Singles Survival Guide: Finding Love Online

Drew Ludwig and Janelle Tufts met in graduate school eight years ago using online dating sites linked to their two favorite websites—for Tufts,, and for Ludwig, The Onion. “I thought, ‘Anyone who keeps up on social issues is cool,’ and Drew thought, ‘Any woman who likes The Onion is cool,” says Tufts. She says meeting online made it easier to find someone compatible with their lifestyles—Ludwig is a pastor, and Tufts describes herself as a “proud liberal Christian feminist,” a description that Ludwig says caught his attention right off the bat. “We both got lucky,” he says. “We lived minutes apart but never would have crossed paths if we hadn’t met online.” They live on the West Side with their three children. 

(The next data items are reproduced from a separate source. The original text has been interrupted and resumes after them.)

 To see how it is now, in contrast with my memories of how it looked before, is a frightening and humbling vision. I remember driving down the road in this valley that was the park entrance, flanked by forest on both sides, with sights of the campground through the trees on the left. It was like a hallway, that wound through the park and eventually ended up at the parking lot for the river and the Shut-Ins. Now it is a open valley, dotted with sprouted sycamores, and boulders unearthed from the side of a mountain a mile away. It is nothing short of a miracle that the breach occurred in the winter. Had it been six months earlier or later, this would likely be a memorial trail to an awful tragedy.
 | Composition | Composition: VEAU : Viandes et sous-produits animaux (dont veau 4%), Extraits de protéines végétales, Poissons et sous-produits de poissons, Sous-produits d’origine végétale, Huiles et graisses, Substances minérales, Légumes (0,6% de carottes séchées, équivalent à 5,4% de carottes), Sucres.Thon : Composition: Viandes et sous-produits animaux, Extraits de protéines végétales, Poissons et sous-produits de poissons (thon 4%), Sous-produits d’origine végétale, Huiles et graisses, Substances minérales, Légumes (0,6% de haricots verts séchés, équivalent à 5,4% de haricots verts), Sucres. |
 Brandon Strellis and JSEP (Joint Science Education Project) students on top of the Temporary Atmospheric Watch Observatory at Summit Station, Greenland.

You know the dating websites are out there. Even if you haven’t seen one up close, more than one friend has suggested you try one when you lament that finding love is hard when you’re at work all day, are a single parent, hate hanging out in bars, or are just too exhausted come the weekend to beg your friends to go out on the slim possibility that you might meet someone promising. They’re all valid excuses, but you’re still alone.

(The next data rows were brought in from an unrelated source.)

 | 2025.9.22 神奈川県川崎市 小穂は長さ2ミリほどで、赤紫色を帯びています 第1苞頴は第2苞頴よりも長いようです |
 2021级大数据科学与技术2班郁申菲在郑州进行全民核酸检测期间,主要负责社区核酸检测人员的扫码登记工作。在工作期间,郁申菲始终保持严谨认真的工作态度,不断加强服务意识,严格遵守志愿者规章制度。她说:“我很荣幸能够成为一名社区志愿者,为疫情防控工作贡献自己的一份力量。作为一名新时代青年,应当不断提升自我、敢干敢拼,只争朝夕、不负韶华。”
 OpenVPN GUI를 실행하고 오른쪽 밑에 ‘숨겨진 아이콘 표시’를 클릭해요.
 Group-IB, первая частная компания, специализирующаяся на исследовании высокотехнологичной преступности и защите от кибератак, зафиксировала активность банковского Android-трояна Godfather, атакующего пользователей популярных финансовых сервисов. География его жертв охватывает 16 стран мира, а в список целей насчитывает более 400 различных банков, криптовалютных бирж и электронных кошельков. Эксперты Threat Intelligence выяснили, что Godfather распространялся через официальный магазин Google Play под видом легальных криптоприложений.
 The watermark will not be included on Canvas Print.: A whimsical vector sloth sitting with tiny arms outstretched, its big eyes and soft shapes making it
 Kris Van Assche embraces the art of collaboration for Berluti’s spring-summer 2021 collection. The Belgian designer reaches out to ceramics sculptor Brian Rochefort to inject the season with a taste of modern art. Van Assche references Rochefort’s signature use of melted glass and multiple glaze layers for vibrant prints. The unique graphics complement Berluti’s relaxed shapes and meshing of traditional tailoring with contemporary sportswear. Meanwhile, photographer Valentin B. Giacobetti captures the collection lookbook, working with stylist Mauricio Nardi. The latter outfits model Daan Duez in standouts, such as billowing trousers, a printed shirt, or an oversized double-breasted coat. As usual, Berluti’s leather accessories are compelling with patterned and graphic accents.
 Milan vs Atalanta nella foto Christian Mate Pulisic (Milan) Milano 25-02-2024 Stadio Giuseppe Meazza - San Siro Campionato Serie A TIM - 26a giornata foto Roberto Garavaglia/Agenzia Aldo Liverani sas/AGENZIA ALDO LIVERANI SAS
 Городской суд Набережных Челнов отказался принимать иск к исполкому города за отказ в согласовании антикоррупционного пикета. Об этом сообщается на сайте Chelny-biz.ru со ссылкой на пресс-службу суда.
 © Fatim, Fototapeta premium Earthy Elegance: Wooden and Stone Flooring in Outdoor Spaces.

Here’s another set of excuses:
• “I know people who have met guys online and they were creeps.”
• “There are married men on there pretending to be single.”
• “People lie about their ages.”
• “Only desperate people use online dating sites.”
• “I want to meet someone the normal way.”
• “It’s just not very romantic.”

The difference between these excuses and the ones in the first paragraph? These are not valid. At all.
Let’s start with the first three. Can you honestly say that you have not or don’t know anybody who’s encountered creeps and liars with conventional dating? Didn’t think so.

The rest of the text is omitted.